# Am I feeding my puppy enough?



## JayJ4 (May 7, 2016)

Hi guys, OK this is for sure the LAST question I got for a bit... Because, now I realized I've been completely feeding my puppy incorrectly...

My first big mistake is that I've been feeding my pup the wrong blue buffalo: BLUE Wilderness® Dry Puppy Food Chicken Recipe .. I've been feeding him this bag because the pet store people always told me to give him this one.. When I would specifically ask for the LARGE breed puppy one, I then assumed it was THIS one after because it never said (for large breed puppies) when I looked.. Unless I'm blind.

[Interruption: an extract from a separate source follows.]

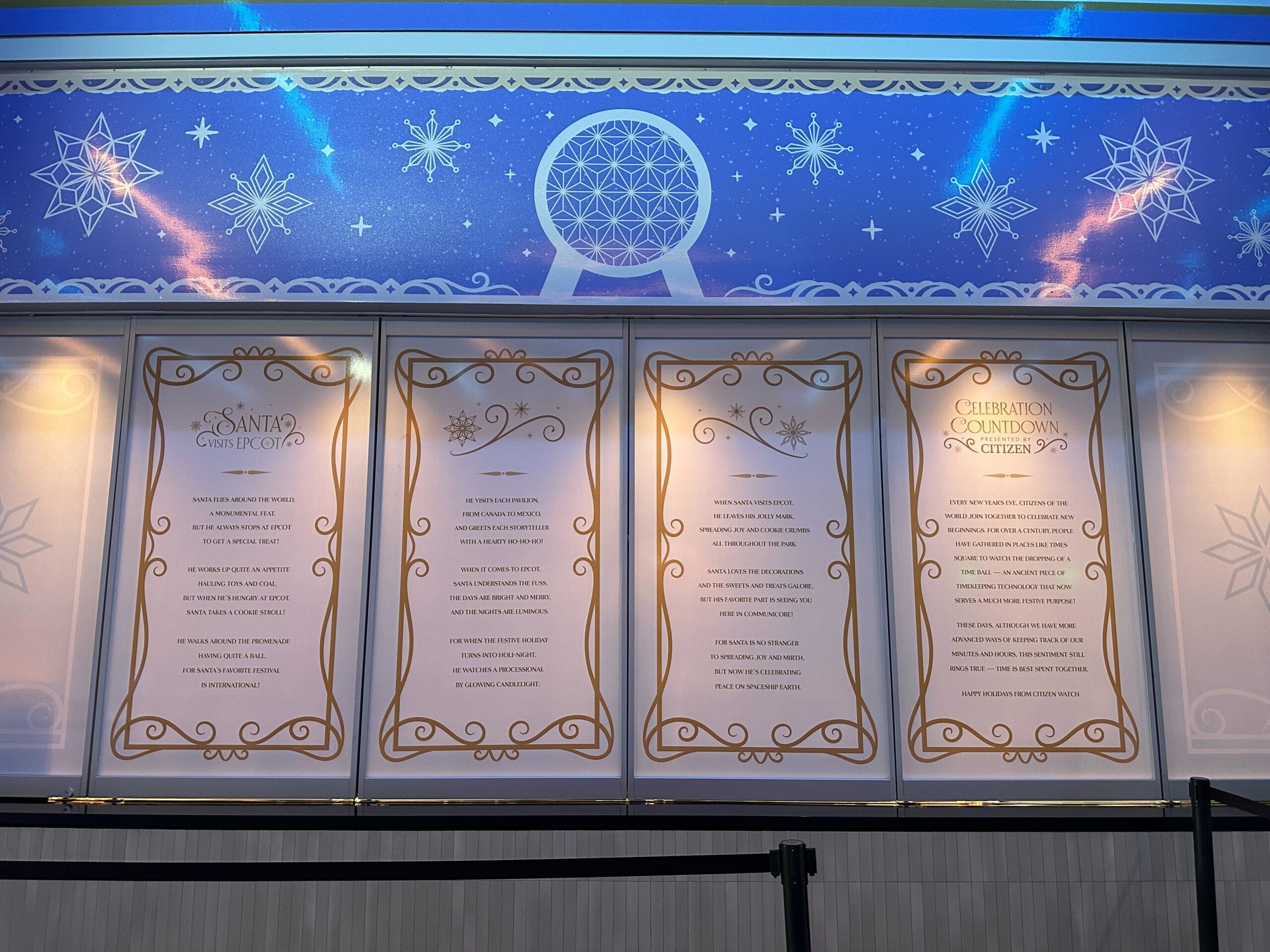 There are rhymes on the walls about Santa and the Celebration Countdown, a light show with the gingerbread display. Trim decals feature Spaceship Earth and snowflakes.

I than started feeding him 1 cup and 3/4 of a cup 2x a day. I also would mix BLUE Wilderness® Wet Puppy Food Turkey & Chicken Grill in his food because he REFUSES to eat dry kibble unless wet food is mixed in (he loves wet food more.)

Am I underfeeding him? I'm gonna swap him to the large breed puppy brand, can't believe I messed it up. NEXT time I'll show the pet store workers the picture...

Do I need to up the cup amount.. Like 1 cup & 3/4 ... 3x a day? Or 4x a day, with some wet food in the mix, or no?

Is his diet OK by the way (ONCE I fixed it, of course)? Or, am I doing everything terribly wrong, thanks.


----------



## Thecowboysgirl (Nov 30, 2006)

How old is puppy? Body condition?


----------



## JayJ4 (May 7, 2016)

He's 14 weeks now, weighs 34 lbs. You can see a bit of his ribs. If you feel around parts of his body (don't know if this matters), it's like pulling his scruff. When laying down and all of that he does look a tad overweight, but I doubt that since you see his ribs.


----------



## InControlK9 (Sep 23, 2013)

Sounds fine to me.. I think you should be able to see some of his ribs.. but im no expert there im sure someone else on here can confirm... you don't necessarily need large breed puppy food... and my puppy refused to eat hard kibble the first week I had her here (8 weeks old) I started mixing in some wet food with the hard kibble both blue buffalo grain free... then one day I didn't mix the wet food... in the morning she didn't eat at all just drank water.. then around lunch noon/1pm she only ate a few bites... I was curious to see if she got really hungry if she would just eat it so I still didn't mix any wet food in.. then for dinner time I guess she was really hungry but she killed the bowl of dry kibble lol... and now I no longer have to mix

Maybe you should try that method and see if it works for you.. my puppy will be 11 weeks tomorrow and she is now eating the hard kibble... I had a husky who I had to mix wet food with and it only got worse and worse eventually when he was older like 1/2 yrs old he would magically manage to only eat the wet food and then spit the hard kibble back out.. it was a big headache trying to feed him


----------



## JayJ4 (May 7, 2016)

InControlK9 said:


> Sounds fine to me.. I think you should be able to see some of his ribs.. but im no expert there im sure someone else on here can confirm... you don't necessarily need large breed puppy food... and my puppy refused to eat hard kibble the first week I had her here (8 weeks old) I started mixing in some wet food with the hard kibble both blue buffalo grain free... then one day I didn't mix the wet food... in the morning she didn't eat at all just drank water.. then around lunch noon/1pm she only ate a few bites... I was curious to see if she got really hungry if she would just eat it so I still didn't mix any wet food in.. then for dinner time I guess she was really hungry but she killed the bowl of dry kibble lol... and now I no longer have to mix
> 
> Maybe you should try that method and see if it works for you.. my puppy will be 11 weeks tomorrow and she is now eating the hard kibble... I had a husky who I had to mix wet food with and it only got worse and worse eventually when he was older like 1/2 yrs old he would magically manage to only eat the wet food and then spit the hard kibble back out.. it was a big headache trying to feed him


He looks fine, but people tell me he looks too skinny because you can see a bit of his ribs.. He weighs around 34 lbs at 14 weeks, I think even more now.


----------



## JayJ4 (May 7, 2016)

By the way guy's I bought the Blue Buffalo LARGE BREED puppy food .. So I've now been giving him the amount that says on the bag 3x a day, PLUS I add wet food to the mix that the canned food recommends. Am I underfeeding him and is 34 pounds skinny for a puppy his age? (14 weeks).


----------



## InControlK9 (Sep 23, 2013)

JayJ4 said:


> By the way guy's I bought the Blue Buffalo LARGE BREED puppy food .. So I've now been giving him the amount that says on the bag 3x a day, PLUS I add wet food to the mix that the canned food recommends. Am I underfeeding him and is 34 pounds skinny for a puppy his age? (14 weeks).


you might be over feeding now.. You might want to add just a little bit of the canned food.. but if you are going by the canned food recommendations plus the dry food recommendations then you are double feeding


----------